### [What this task involves]
Omit pictures and quote the listing below line by line, from its start through the line that holds "방수스티커 + USB 데이터케이블".

### [Data segment]
==========

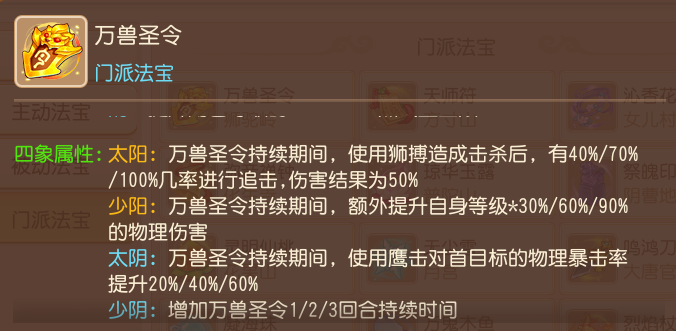 狮驼岭作为物理输出门派,法宝搭配的核心思路是提升伤害和生存能力。推荐优先选择飞剑、万兽圣令、风袋和金甲仙衣这四件被动法宝。飞剑能直接增加物理伤害,建议选择太阴属性提升暴击率;万兽圣令是门派专属法宝,能大幅提升召唤兽的输出;风袋增加速度确保出手顺序;金甲仙衣则能减免物理伤害,提高生存能力。主动法宝方面,苍白纸人和惊魂铃是不错的选择,前者能临时免疫伤害,后者有概率驱散敌方宠物。
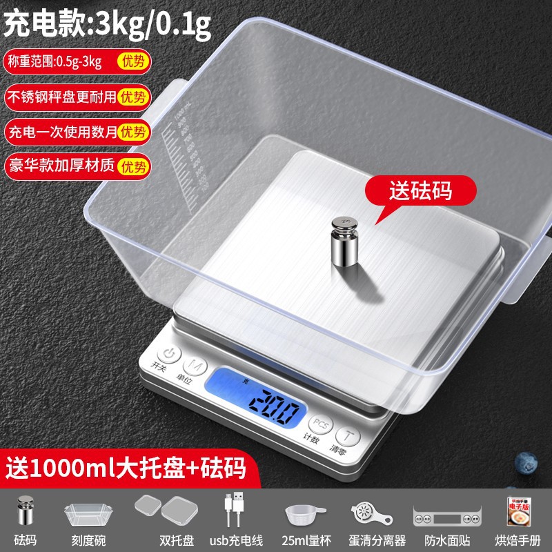 • [업그레이드 및 확대] 충전식 3kg/0.1g 더블트레이 + 계량컵 + 방수스티커 + USB 데이터케이블
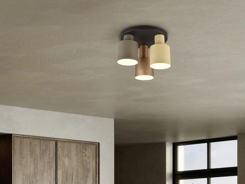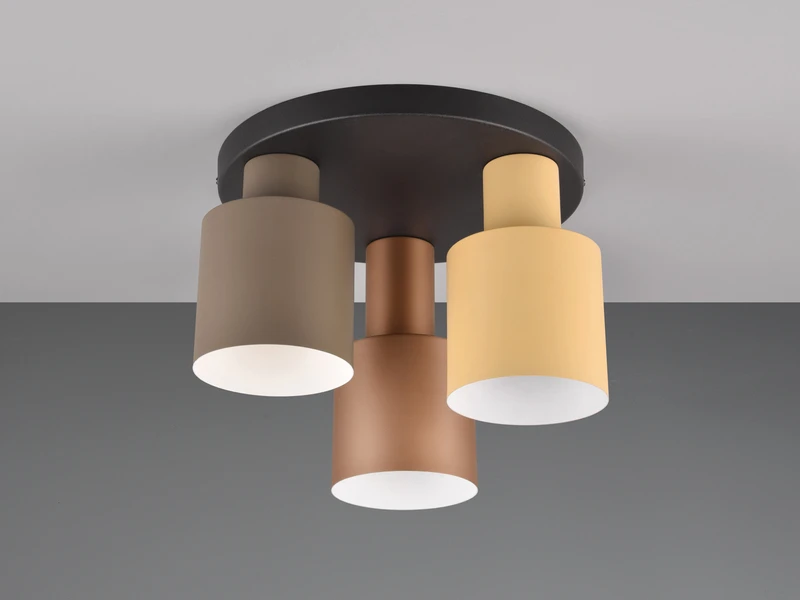 Durch die unterschiedlichen Höhen der Lampenschirme wird das stilvolle und elegante Design der Deckenleuchte wirkungsvoll unterstrichen. Im Eingangsbereich oder im Schlafzimmer wird die Deckenlampe bereits zum stilvollen Hingucker, bevor sie eingeschaltet ist. Die drei Lampenschirme aus Metall (Ø 12cm) bilden einen farblich attraktiven Kreis mit einem Durchmesser von 37cm und erzeugen ein angenehmes gerichtetes Licht. Sie können E27 Leuchtmittel bis 40 Watt aufnehmen.

==========

### [Written response]
 狮驼岭作为物理输出门派,法宝搭配的核心思路是提升伤害和生存能力。推荐优先选择飞剑、万兽圣令、风袋和金甲仙衣这四件被动法宝。飞剑能直接增加物理伤害,建议选择太阴属性提升暴击率;万兽圣令是门派专属法宝,能大幅提升召唤兽的输出;风袋增加速度确保出手顺序;金甲仙衣则能减免物理伤害,提高生存能力。主动法宝方面,苍白纸人和惊魂铃是不错的选择,前者能临时免疫伤害,后者有概率驱散敌方宠物。
 • [업그레이드 및 확대] 충전식 3kg/0.1g 더블트레이 + 계량컵 + 방수스티커 + USB 데이터케이블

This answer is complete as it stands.